------ Records to use
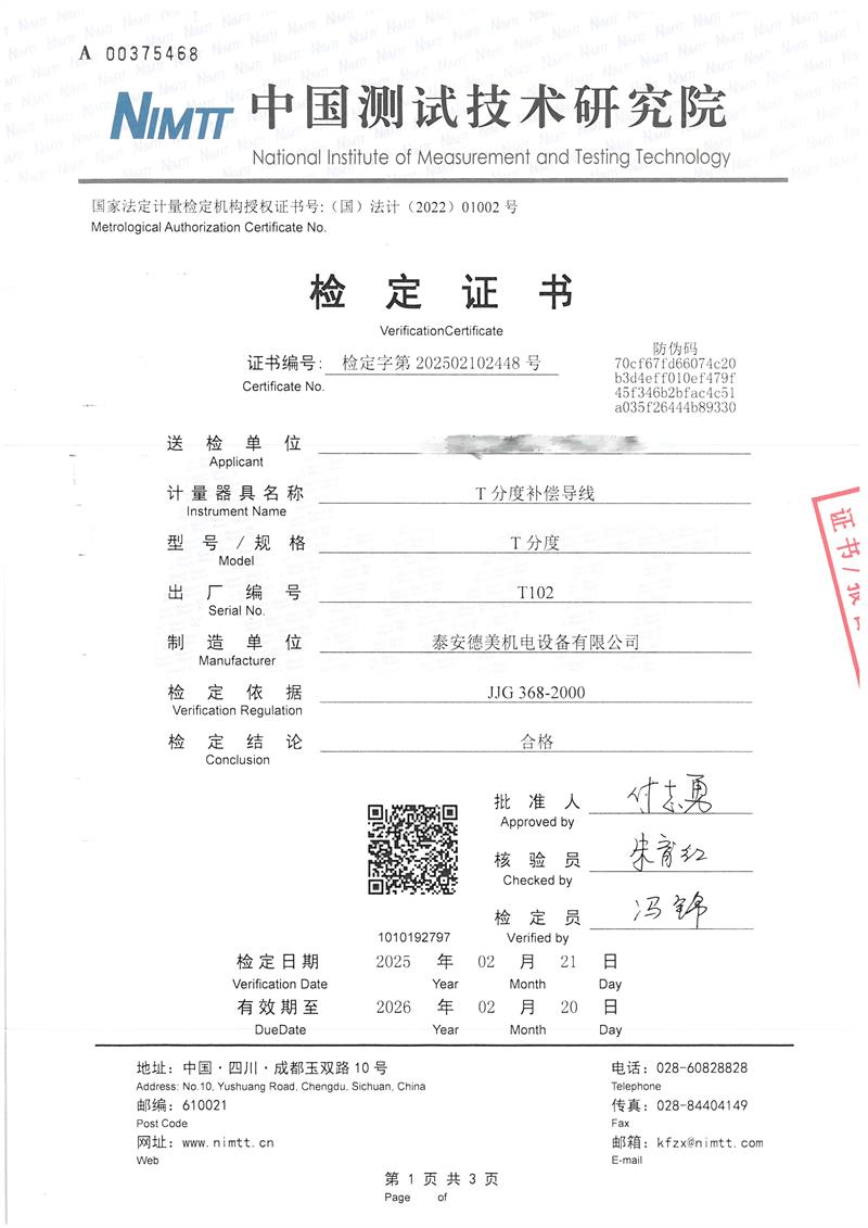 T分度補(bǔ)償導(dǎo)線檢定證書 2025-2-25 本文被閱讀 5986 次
------------
------ Records to use
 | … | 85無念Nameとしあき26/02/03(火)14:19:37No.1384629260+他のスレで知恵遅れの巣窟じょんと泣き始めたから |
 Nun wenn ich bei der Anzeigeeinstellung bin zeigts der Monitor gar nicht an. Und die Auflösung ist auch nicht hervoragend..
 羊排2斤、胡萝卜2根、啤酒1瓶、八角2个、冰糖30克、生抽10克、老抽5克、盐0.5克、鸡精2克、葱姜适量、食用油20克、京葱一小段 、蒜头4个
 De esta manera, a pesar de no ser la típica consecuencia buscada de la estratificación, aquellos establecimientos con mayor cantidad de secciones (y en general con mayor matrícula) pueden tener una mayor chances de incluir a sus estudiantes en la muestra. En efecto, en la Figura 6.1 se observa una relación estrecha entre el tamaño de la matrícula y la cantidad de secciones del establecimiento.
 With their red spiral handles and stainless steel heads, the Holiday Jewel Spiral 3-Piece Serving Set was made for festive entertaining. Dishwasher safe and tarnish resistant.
------------
------ Records to use
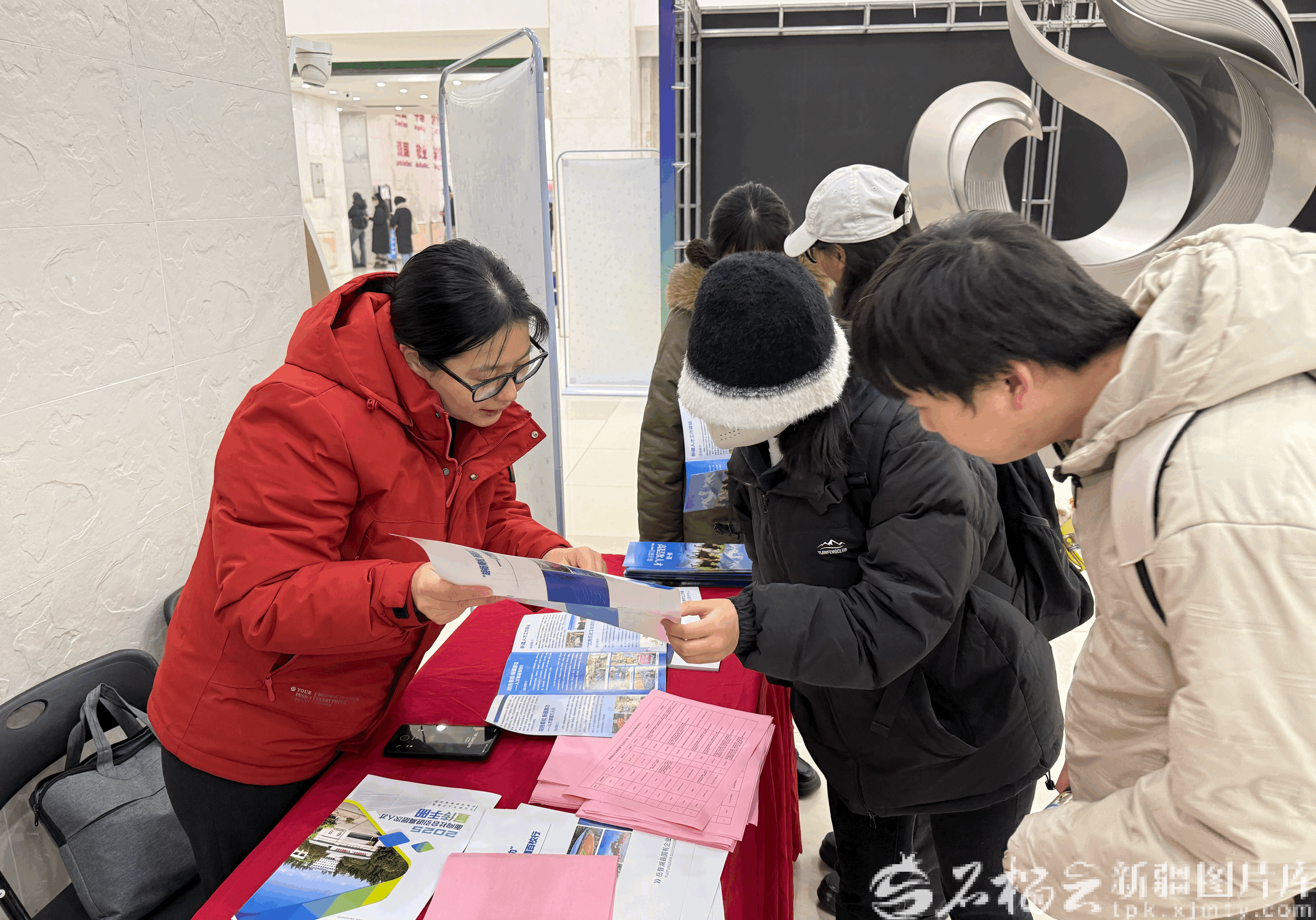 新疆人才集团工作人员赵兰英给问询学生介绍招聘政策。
------------
• **Assignment**: In the listing above, locate the line containing "De esta manera, a" and the line containing "With their red", then transcribe both and every line between them verbatim.

• **Completed exercise**:
 De esta manera, a pesar de no ser la típica consecuencia buscada de la estratificación, aquellos establecimientos con mayor cantidad de secciones (y en general con mayor matrícula) pueden tener una mayor chances de incluir a sus estudiantes en la muestra. En efecto, en la Figura 6.1 se observa una relación estrecha entre el tamaño de la matrícula y la cantidad de secciones del establecimiento.
 With their red spiral handles and stainless steel heads, the Holiday Jewel Spiral 3-Piece Serving Set was made for festive entertaining. Dishwasher safe and tarnish resistant.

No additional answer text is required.